We love when we find a good deal on food! This week at Harris Teeter, you can buy 1-2lb bag of frozen shrimp and get 2 FREE! When we stockpile (you can find out more about the ins and outs of stockpiling at our coupon classes), we want to be sure we use what we buy (or donate extra food to charity).
Tonight I made very delicious dish with my newly purchased shrimp! I thought I would share (and since it is Sunday Recipe Day) it with all of you.

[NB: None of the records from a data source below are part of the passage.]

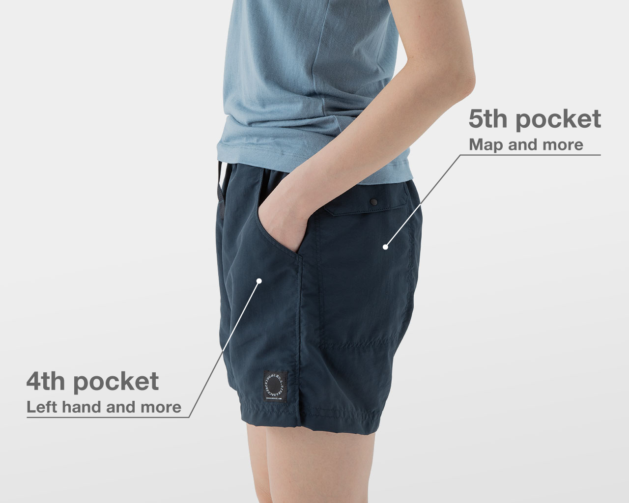 タフだけど抜群に動きやすく、濡れてもすぐに乾いて、ポケットがたくさんあっても足の動きは邪魔せず、ついでにスマートフォンもすっきりと収納できる。この5-Pocket Shortsは、そんなハイキングに必要な機能を徹底的に考えた、正にハイカーのためのショーツだ。
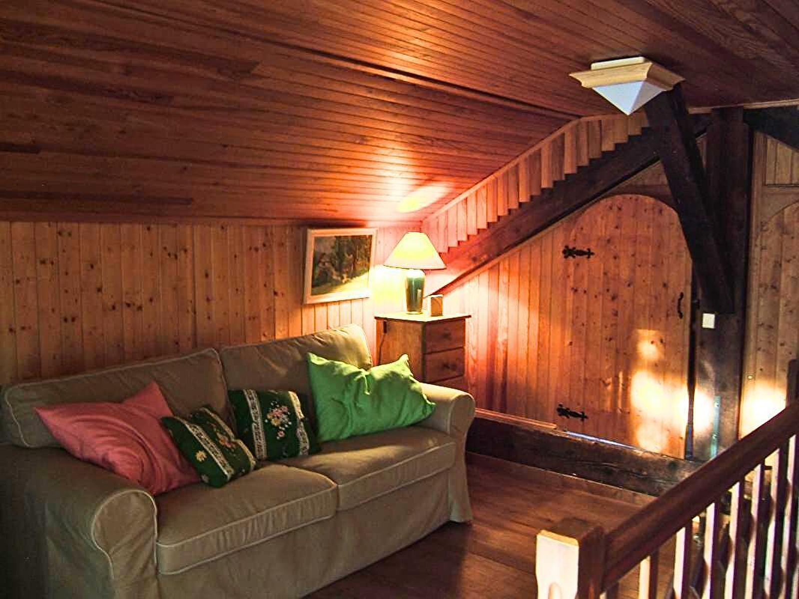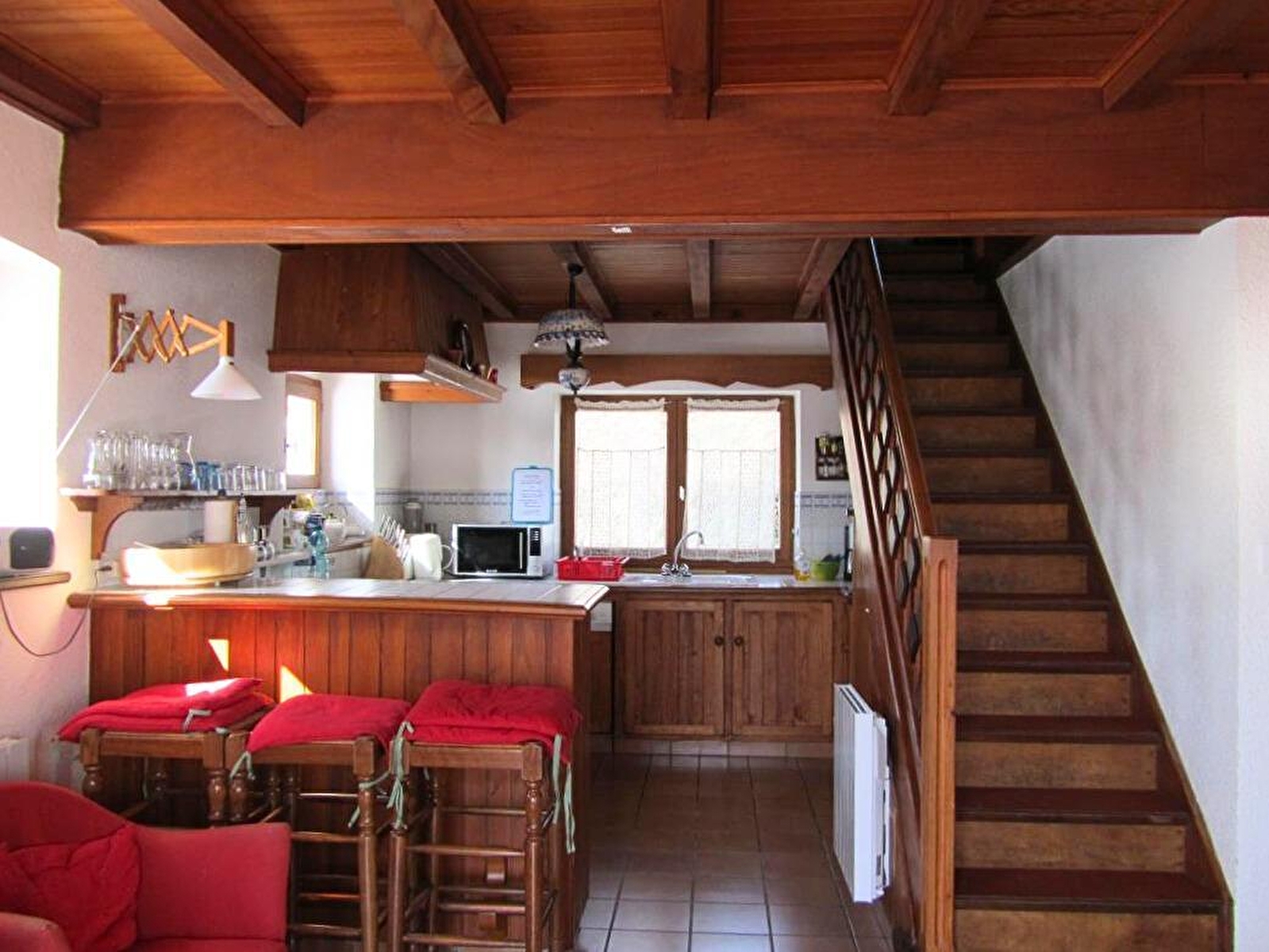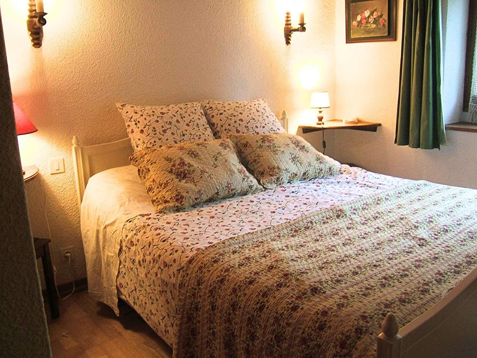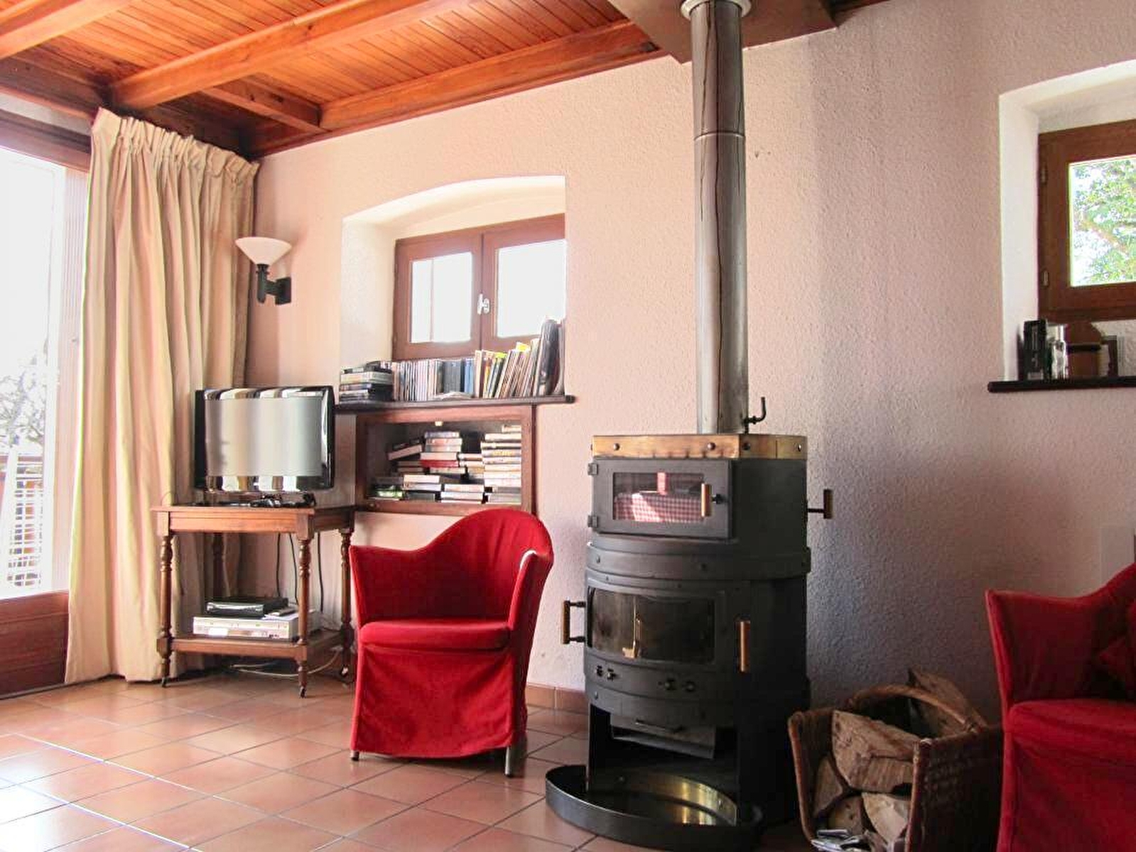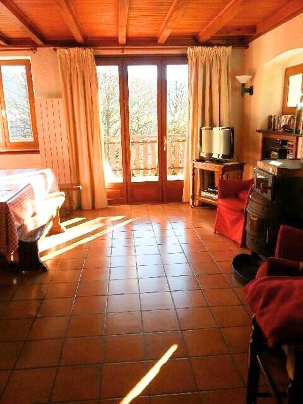 Detached house on 2 levels (100 sq.m.), renovated in 1998, with fine views. Ground floor: living room/fitted kitchen (small freezer, DVD player), lounge area, bathroom, 2 bedrooms (queen-size bed) (double bed). 1st floor: mezzanine and bedroom (2 single beds, crib). Electric heating + fireplace with stove (surcharge for firewood).Terrace with garden furnitures. Table tennis. Partly-fenced wooded garden. Parking lot. Place(s) to eat 5km away from the gite. Optional cleaning charge: 50€.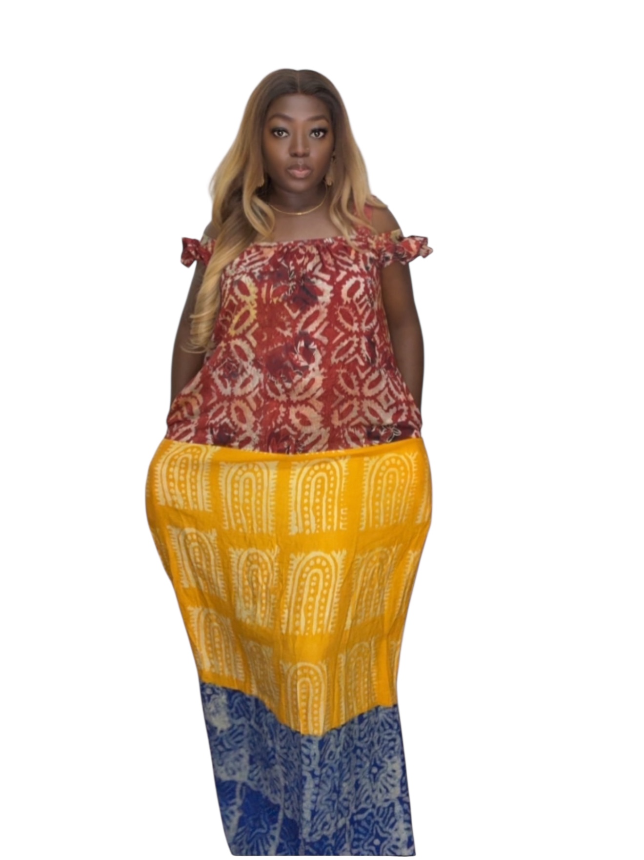 - Pattern: Mixed/different Adire prints for a unique statement look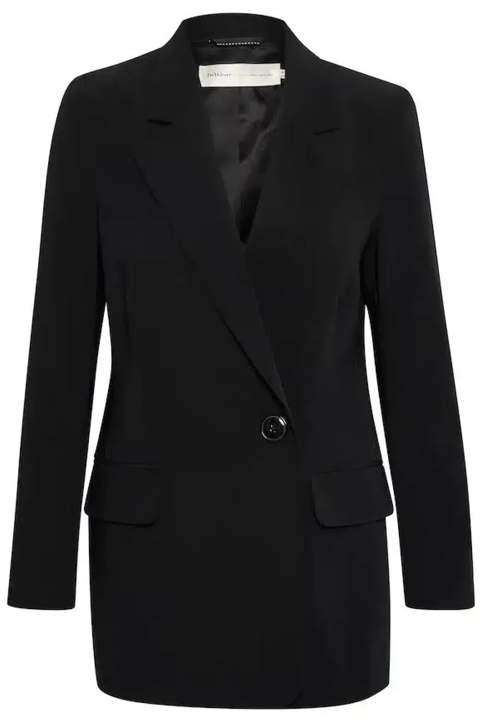 Tyylikäs musta InWear blazer. Blazerissa on kaunis leikkuas jossa viisto, yksinapillinen kiinnitys. Sivutaskut. Vuori.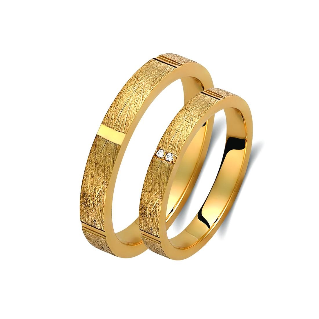 Ζευγάρι βέρες χρυσές 14 καρατίων, η γυναικεία με πέτρα ζιργκόν. Σχέδιο 379c-ca

The Barefoot Contessa’s Baked Shrimp Scampi
2 lbs. (12-15/pound) shrimp in the shell
3 tbsps olive oil
2 tbsps dry white wine
salt and pepper
1 1/2 stick butter, room temperature
4 cloves garlic, minced
1/4 cup minced shallots
3 tbsps minced fresh parsley
1 tsp minced fresh rosemary
1/4 tsp crushed red pepper flakes
1 tsp grated lemon zest
2 tbsps fresh lemon juice
1 egg yolk
2/3 cup panko
Preheat oven to 425º.
Peel, devein and butterfly the shrimp, leaving the tails intact. Place in a mixing bowl and mix lightly with the olive oil, wine, 2 tsps salt and 1 tsp pepper. Let the bowl sit at room temperature, marinating, while mixing the butter/garlic/panko mixture.
In another bowl, mix the butter, garlic, shallots, parsley, rosemary, red pepper flakes, lemon zest, lemon juice, egg yolk, panko, 1/2 tsp salt and 1/4 tsp pepper until well combined.
Arrange the shrimp in a single layer in the gratin dish, cut side down with the tails pointing up. Pour the remaining marinade over the shrimp and evenly sprinkle the topping over the shrimp.
Bake for 10 to 12 minutes or until the shrimp are thoroughly cooked and pink.